I know this post is old and has already been answered, but I believe I've identified an optimized approach for large arrays and arrays loaded as np.memmaps.
I was using ali_m's response that was optimized by Allen Zelener for smaller ndarrays, but this approach turns out to be quite slow for np.memmaps.
Below is my implementation that has extremely similar performance speeds to ali_m's approach approach for arrays that fit in the working memory, but that far outperforms when bounding large arrays or np.memmaps.
import numpy as np
from numba import njit, prange
#njit(parallel=True, nogil=True, cache=True)
def bound(volume):
"""
Bounding function to bound large arrays and np.memmaps
volume: A 3D np.array or np.memmap
"""
mins = np.array(volume.shape)
maxes = np.zeros(3)
for z in prange(volume.shape[0]):
for y in range(volume.shape[1]):
for x in range(volume.shape[2]):
if volume[z,y,x]:
if z < mins[0]:
mins[0] = z
elif z > maxes[0]:
maxes[0] = z
if y < mins[1]:
mins[1] = y
elif y > maxes[1]:
maxes[1] = y
if x < mins[2]:
mins[2] = x
elif x > maxes[2]:
maxes[2] = x
return mins, maxes
My approach is somewhat inefficient in the sense that it just iterates over every point rather than flattening the arrays over specific dimensions. However, I found flattening np.memmaps using np.any() with a dimension argument to be quite slow. I tried using numba to speed up the flattening, but it doesn't support np.any() with arguments. As such, I came to my iterative approach that seems to perform quite well.

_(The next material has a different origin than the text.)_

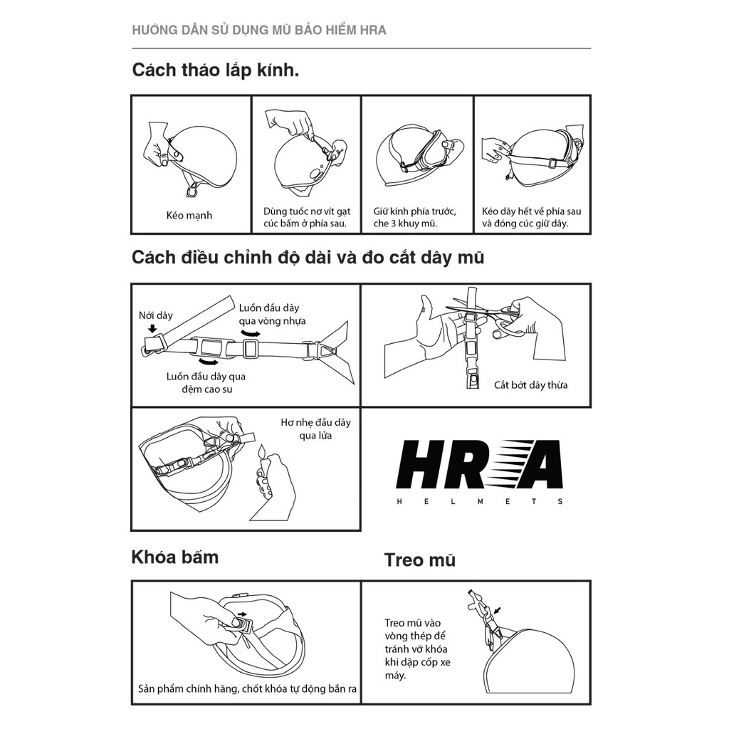 🔹 SẢN PHẨM TẶNG KÈM KÍNH HR1 HOẶC KÍNH UV 400 🔹 🔹 Kiểu dáng: Mũ bảo hiểm 1/2 đầu (Haly). 🔹 Nguyên liệu: Nhựa ABS nguyên sinh, xốp EPS nguyên sinh 100%. 🔹 Khóa bấm: Mẫu khóa độc quyền siêu bền, không gỉ. 🔹 Nước sơn: sơn cao cấp chống phai màu, màu sắc rất đẹp. 🔹 Nhãn hiệu: HRA (nhãn hàng liên doanh cùng ZEUS – nhà sản xuất MBH hàng đầu châu Á). 🔹 Đạt tiêu chuẩn an toàn QCVN 2 : 2008/BKHCN. 🔹 Mũ với 2 lựa chọn lót trong: + Smart (Có thể tháo giặt vệ sinh, kháng khuẩn) + Basic (dạng lưới thoáng, kháng khuẩn). 🔹 Phụ kiện đi kèm: lưỡi chai. 🔹BẢO HÀNH: 12 THÁNG LƯU Ý: Mũ gốc đi kèm 1 lưỡi chai chưa bao gồm kính, có thể lựa chọn thêm kính theo các option bên dưới. Trường hợp nếu bạn muốn chọn loại kính khác không có trong gợi ý vui lòng chọn “Không kính” sau đó “thêm vào giỏ hàng”. _________________________________________ 🔹 Store: Số 37 Ngõ 36, Đào Tấn, Ba Đình, Hà Nội 🌐 www.mubaohiemdochanoi.com 🔸 Đặt hàng shopee: https://bit.ly/35MGbUT 🔸 Instagram: mubaohiemdochanoi 🔸 Youtube: https://bit.ly/3peo1Ep 📌 Chính sách bảo hành: https://bit.ly/32qGVOw ☎️ Hotline: 024.632.818.10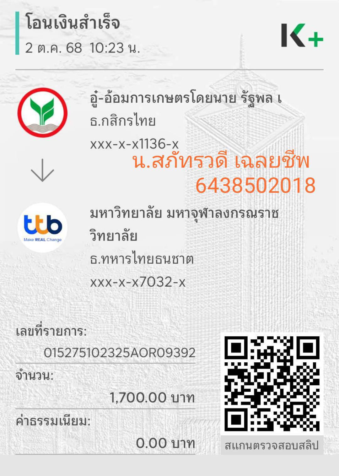 QR Code สำหรับสแกนเข้าร่วมพิธี

On my computer (2019 16" MacBook Pro, 6-core i7, 16 GB 2667 MHz DDR4), I'm able to bound a np.memmap with a shape of (1915, 4948, 3227) in ~33 seconds, as opposed to the ali_m approach that takes around ~250 seconds.
Not sure if anyone will ever see this, but hopefully it helps in the niche cases of needing to bound np.memmaps.